• _EXERCISE AIM_: Pictures are to be left out. Copy exactly, and only, the lines from the start of the entries below to the line with "Si le téléphone", both included.

• _DATASET RECORDS_:
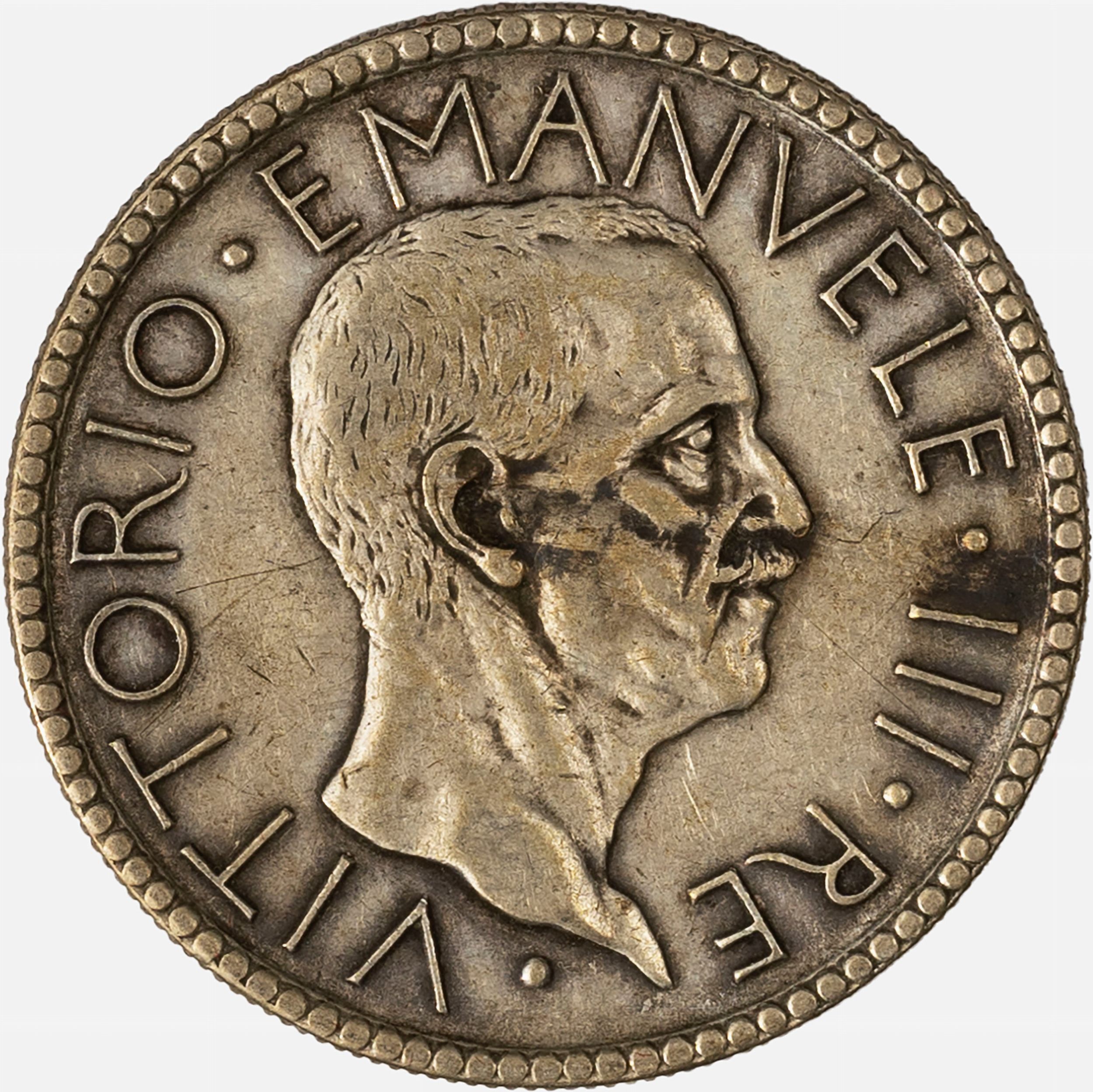 1928 D/ effigie del Re a destra R/ littore con fascio nella mano destra saluta romanamente l'Italia seduta con fiaccola e scudo sabaudo, Zecca di Roma; Metallo: AR. qBB
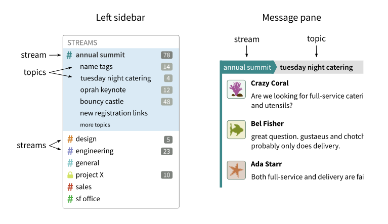 Messages with the same stream and topic are shown together as a conversational thread. Here is what it looks like in Zulip.
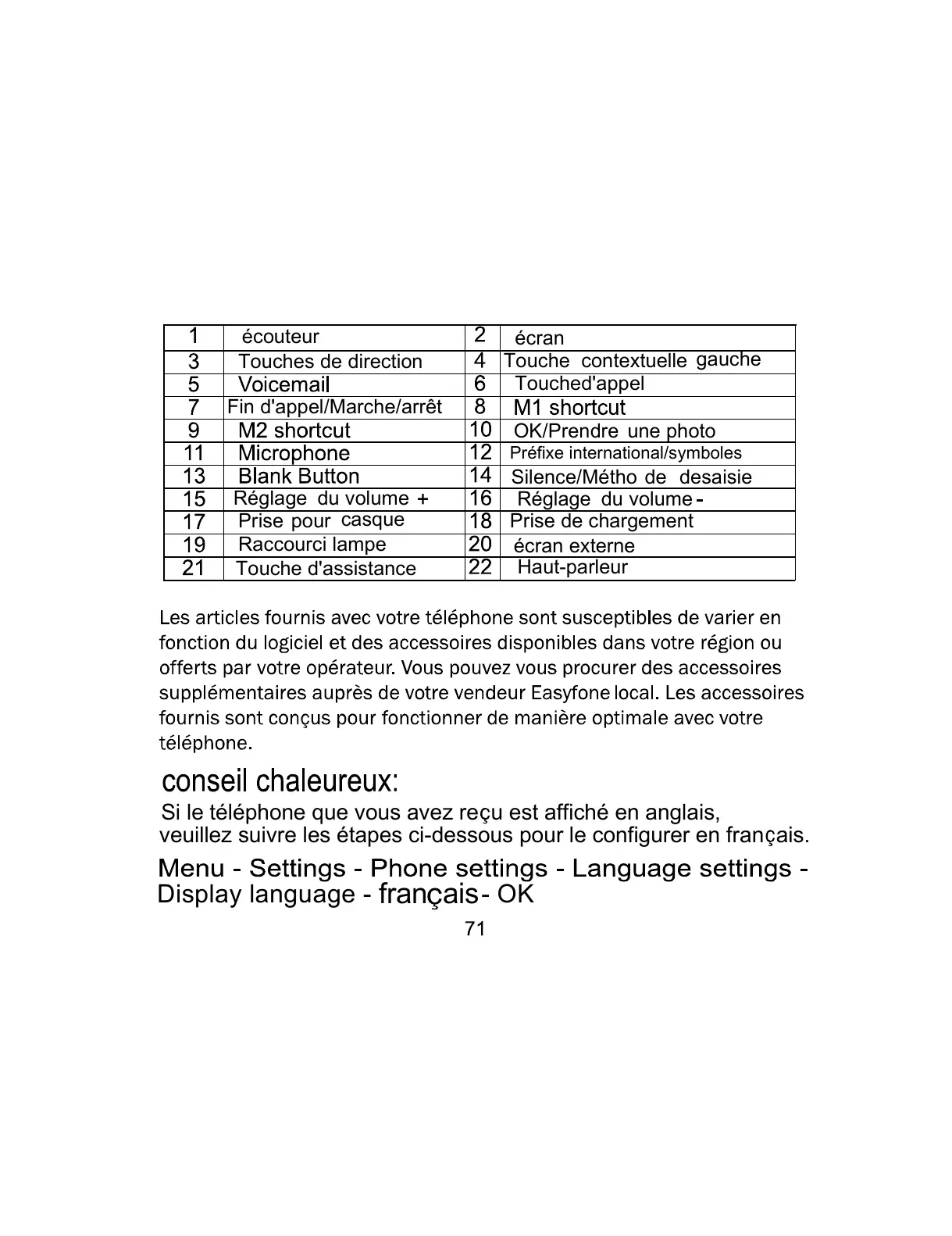 Si le téléphone que vous avez re u est afficen anglais,
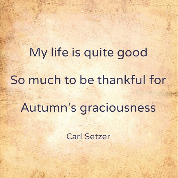 Happy Thanksgiving! Posted on November 24, 2016 by Carl Setzer My life is quite good So much to be thankful for Autumn’s graciousness Share this: Share on X (Opens in new window) X Share on Facebook (Opens in new window) Facebook Share on Tumblr (Opens in new window) Tumblr Share on Pinterest (Opens in new window) Pinterest Share on Reddit (Opens in new window) Reddit Like Loading... Related Published by Carl Setzer Writing haiku trying to figure out life View all posts by Carl Setzer
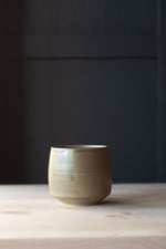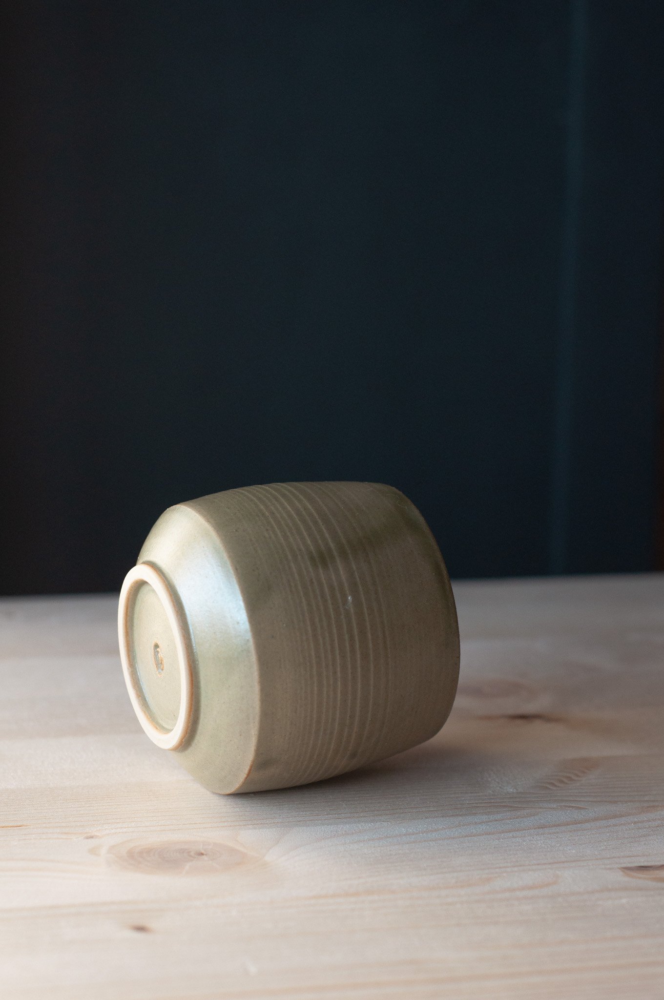 Angular and wide bottom mug in a satin matte green glaze
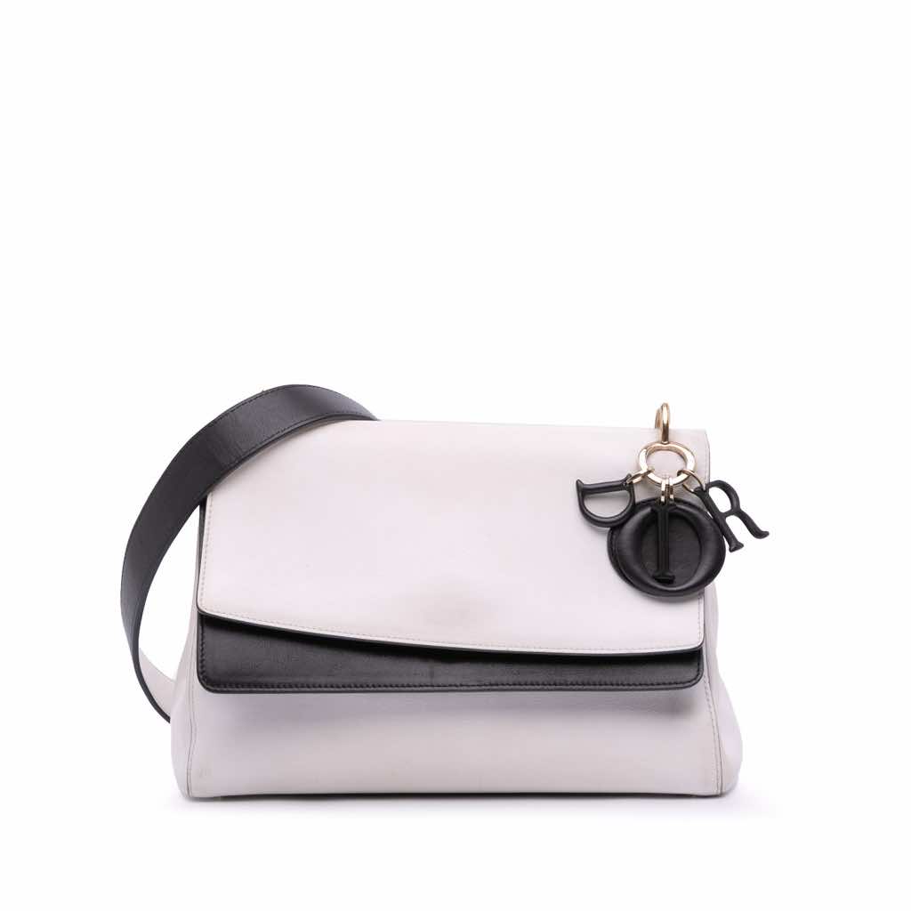 The Be Dior Double Flap features a leather body, a flat leather strap, double flaps with magnetic button closure, an exterior slip pocket, and interior slip pockets.
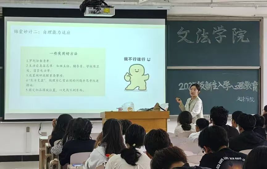 为助力新生破解入学适应困惑、筑牢心理成长根基。9月28日下午,球友会·(QY)官方网站于二教六楼举办新生心理健康专题讲座。本次心理健康讲座由校心理健康教育指导中心王雪皎老师主讲,2025级全体文法新生参加。
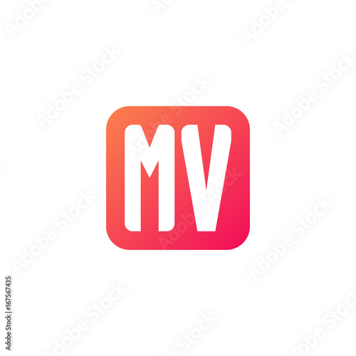 Initial letter MV, rounded letter square logo, modern gradient red color
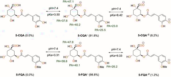 Acid-base equilibrium of 5-CQA and 5-FQA at physiological pH (7.4). PA = proton affinity.
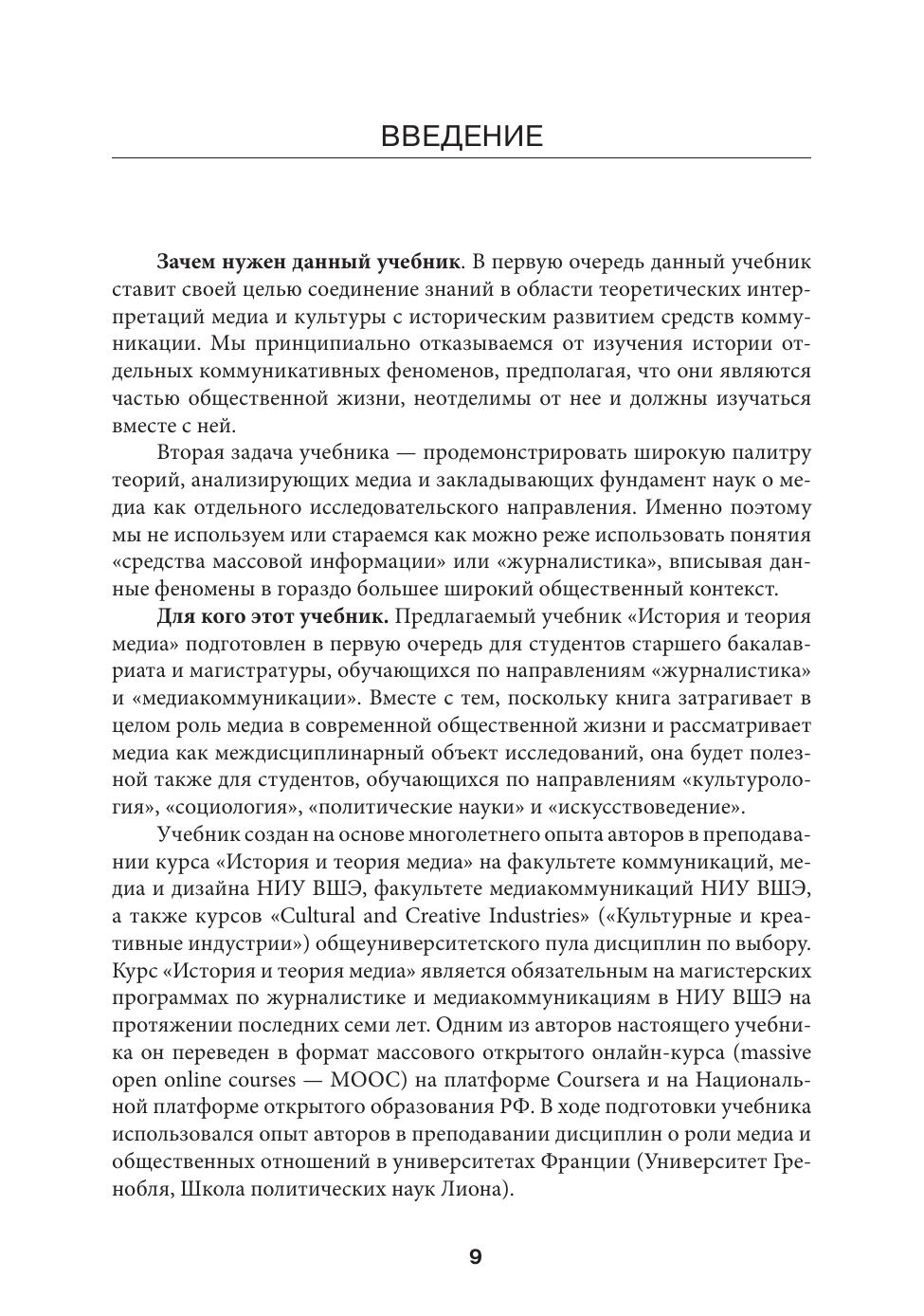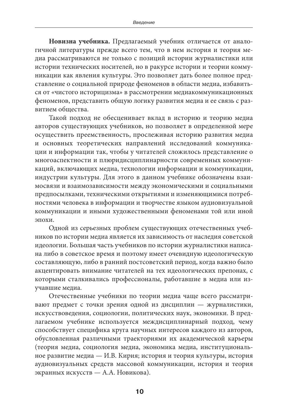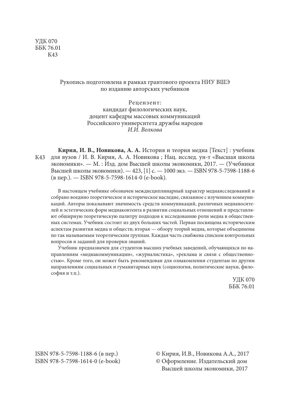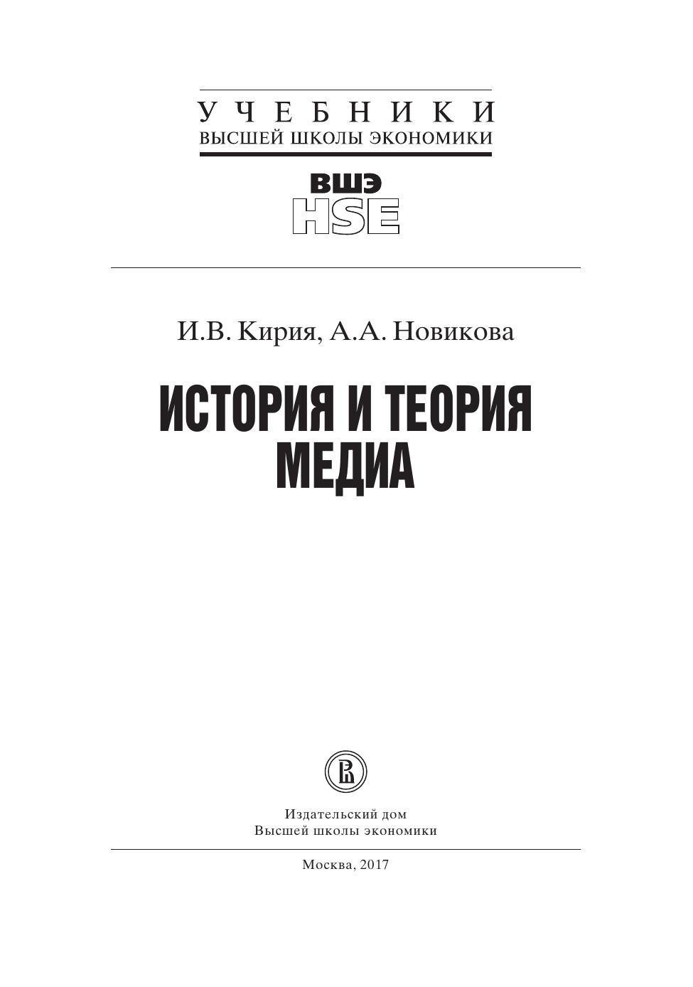 В настоящем учебнике обозначен междисциплинарный характер медиаисследований и собрано воедино теоретическое и историческое наследие, связанное с изучением коммуникаций. Авторы показывают значимость средств коммуникаций, различных медианосителей и эстетических форм медиаконтента в развитии социальных отношений и представляют обширную теоретическую палитру подходов к исследованию роли медиа в общественных системах. Учебник состоит из двух больших частей. Первая посвящена историческим аспектам развития медиа и обществ; вторая — обзору теорий медиа, которые объединены по так называемым теоретическим группам. Каждая часть снабжена списком контрольных вопросов и заданий для проверки знаний. Учебник предназначен для студентов высших учебных заведений, обучающихся по направлениям «медиакоммуникации», «журналистика», «реклама и связи с общественностью». Кроме того, он может быть рекомендован для ознакомления студентам по другим направлениям социальных и гуманитарных наук (социология, политические науки, философия и т.п.).
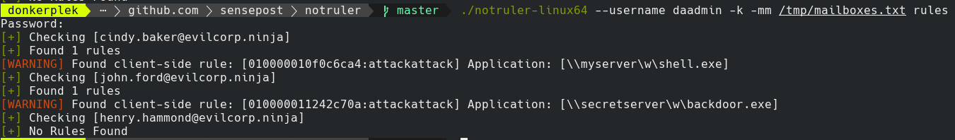 ./notruler-linux64 -k --mailbox john.ford@evilcorp.ninja --username john.ford --self rules
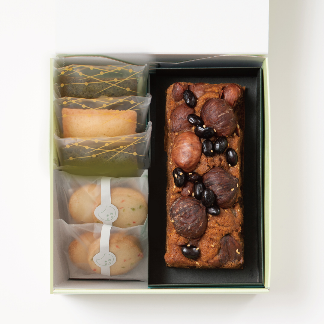 厳選された素材を贅沢に使用した、大人のパウンドケーキ「竹取物語」と「くっきぃ満月新月」「ふぃなんしぇ」のギフトセット
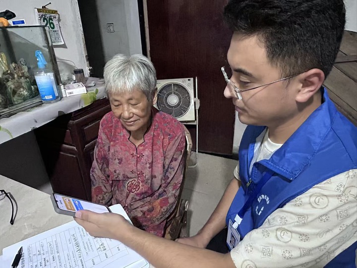 8月26日,绍兴市医保部门工作人员上门指导诸奶奶线上申请异地长护险。新华社记者 黄筱 摄
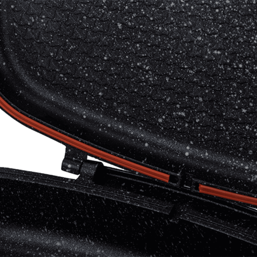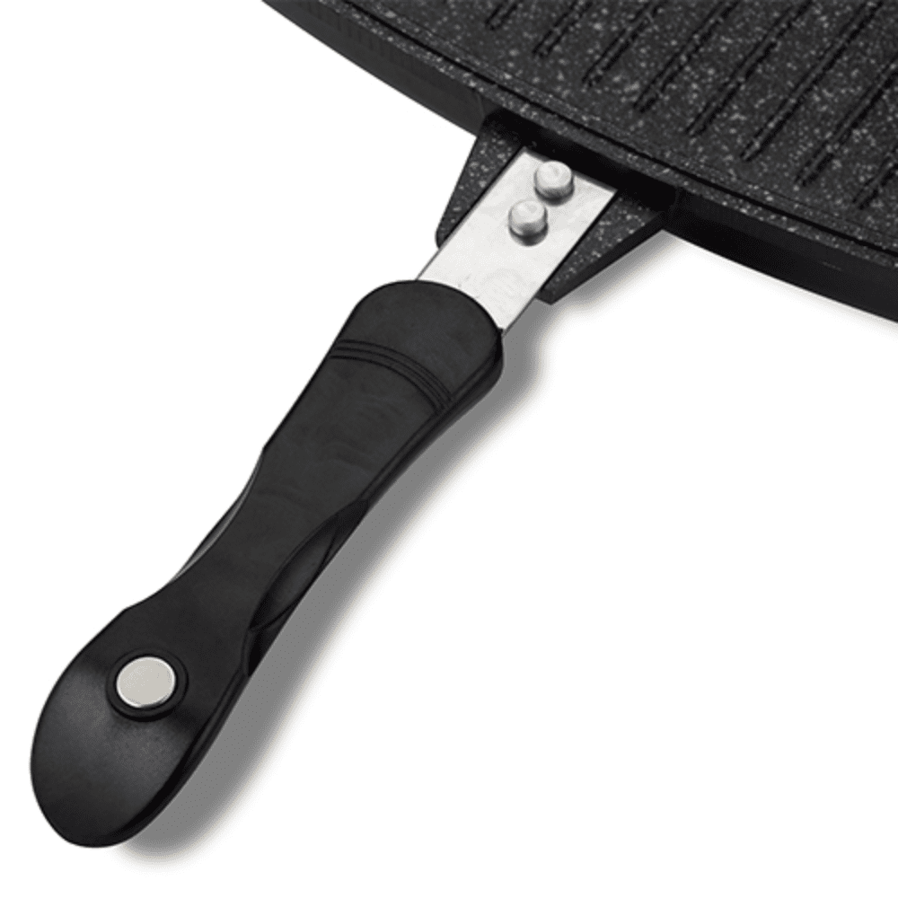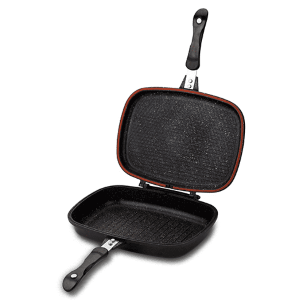 جريل مزدوج عالي الجودة مصنوع من الألومنيوم المصبوب ومطلي بخمس طبقات من الجرانيت غير اللاصق لضمان متانة وأداء ممتاز. تصميم عملي يساعدك على الطهي بسهولة وراحة، مع حلقة سيليكون معتمدة من FDA تمنع تسرب الروائح والدخان وطرطشة الزيت وتحافظ على العصارة داخل الطعام ليخرج طري وشهي.

• _ANSWER_:
 1928 D/ effigie del Re a destra R/ littore con fascio nella mano destra saluta romanamente l'Italia seduta con fiaccola e scudo sabaudo, Zecca di Roma; Metallo: AR. qBB
 Messages with the same stream and topic are shown together as a conversational thread. Here is what it looks like in Zulip.
 Si le téléphone que vous avez re u est afficen anglais,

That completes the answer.